You could do it as an int-by-int comparison or an even wider data type if you wish.

The two things you have to watch out for (at a minimum) are an overhang at the start as well as the end, and whether the alignments are different between the two areas.

Some processors run slower if you access values without following their alignment rules (some even crash if you try it).

So your code could probably do char comparisons up to an int alignment area, then int comparisons, then char comparisons again but, again, the alignments of both areas will probably matter.

Whether that extra code complexity is worth whatever savings you will get depends on many factors outside your control. A possible method would be to detect the ideal case where both areas are aligned identically and do it a fast way, otherwise just do it character by character.

Target answered 16/2, 2011 at 14:34 Comment(2)

Wouldn't that optimization also require that both pointers overhang at the start by the same amount. – Thither 17/2, 2011 at 11:50

That optimisation is possible but I suspect that with all the casting that would be involved (to uintptr_t from void for alignment check, to int* for comparisons and char*...) it would be quicker to just drop down to assembly and hack it together... – Cultural 13/3, 2014 at 21:4

The optimization you propose is very common. The biggest concern would be if you try to run it on a processor that doesn't allow unaligned accesses for anything other than a single byte, or is slower in that mode; the x86 family doesn't have that problem.

It's also more complicated, and thus more likely to contain a bug.

Hedley answered 16/2, 2011 at 14:36 Comment(5)

Aligned access of both pointers is required for performance (especially when using 128-bit sse).
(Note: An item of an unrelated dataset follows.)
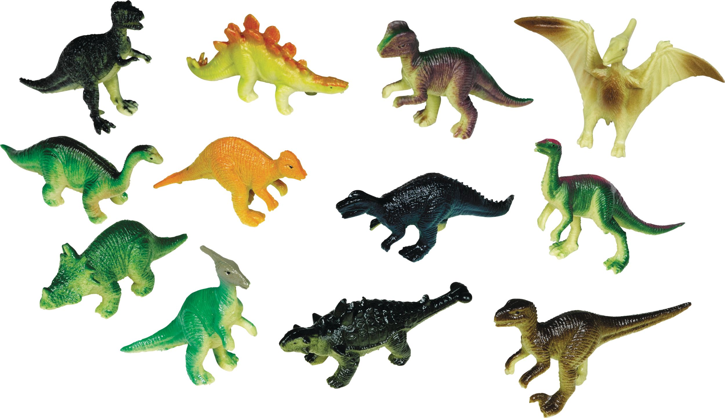 Toy Prehistoric Dinosaurs, 36-pk are mighty minis for tiny tyrannosauruses. They may be small but will bring gigantic fun for the paleontologist inside your child. No need for dental floss at playtime with these miniature prehistoric pals – just roars of delight and hours of imagination. Perfect for tucking into gift bags and treat bags alike.

See Importance of alignment even on x86 machines (admittedly from 2004, but should give you some idea of the luriking terrors). – Yashmak 16/2, 2011 at 14:57

@bobbogo: misaligned SSE access is much faster on modern Intel processors than it was in 2004; aligned access should still be preferred when possible, but I have seen many situations where misaligned access was faster than aligned access + software fixup. – Publishing 16/2, 2011 at 15:55

@Stephen Canon: Yeah, YMMV as usual. Presumably for small areas it doesn't really matter how inefficient you are. Is there a limit on the memory block size where aligned access + software fixup bcomes faster than without the fixup on the newest CPUs? – Yashmak 16/2, 2011 at 16:26

@bobbogo: Not really, no. There are certain highly specific scenarios where it's faster, but in general, unaligned SSE access (even when it crosses a cacheline or page boundary) is quite fast on i5/i7 cores. (Note that aligned access is still faster, so you should always make sure that at least one of your accesses is aligned; it's just that when you're reading from multiple arrays, you should generally align those you can and use misaligned access on the others now instead of trying to do something more clever). – Publishing 16/2, 2011 at 16:32

Just to offer some concrete numbers, from the Intel optimization manual, on i7 for data in L1 cache: misaligned loads that do not cross a cacheline boundary are exactly as fast as aligned loads (single-cycle throughput), and misaligned loads that do cross a cacheline boundary take about 4 cycles (compare to ~20 cycles on earlier microarchitectures). – Publishing 16/2, 2011 at 16:35

Don't forget that when you find a mismatch within a larger chunk, you must then identify the first differing char within that chunk so that you can calculate the correct return value (memcmp() returns the difference of the first differing bytes, treated as unsigned char values).

Sago answered 17/2, 2011 at 5:16 Comment(0)

If you compare as int, you will need to check alignment and check if count is divisible by sizeof(int) (to compare the last bytes as char).

Flan answered 16/2, 2011 at 14:41 Comment(0)

Is that really their implementation? I have other issues besides not doing it int-wise:

castng away constness.
does that return statement work? unsigned char - unsigned char = signed int?

int at a time only works if the pointers are aligned, or if you can read a few bytes from the front of each and they are both still aligned, so if both are 1 before the alignment boundary you can read one char of each then go int-at-a-time, but if they are aligned differently eg one is aligned and one is not, there is no way to do this.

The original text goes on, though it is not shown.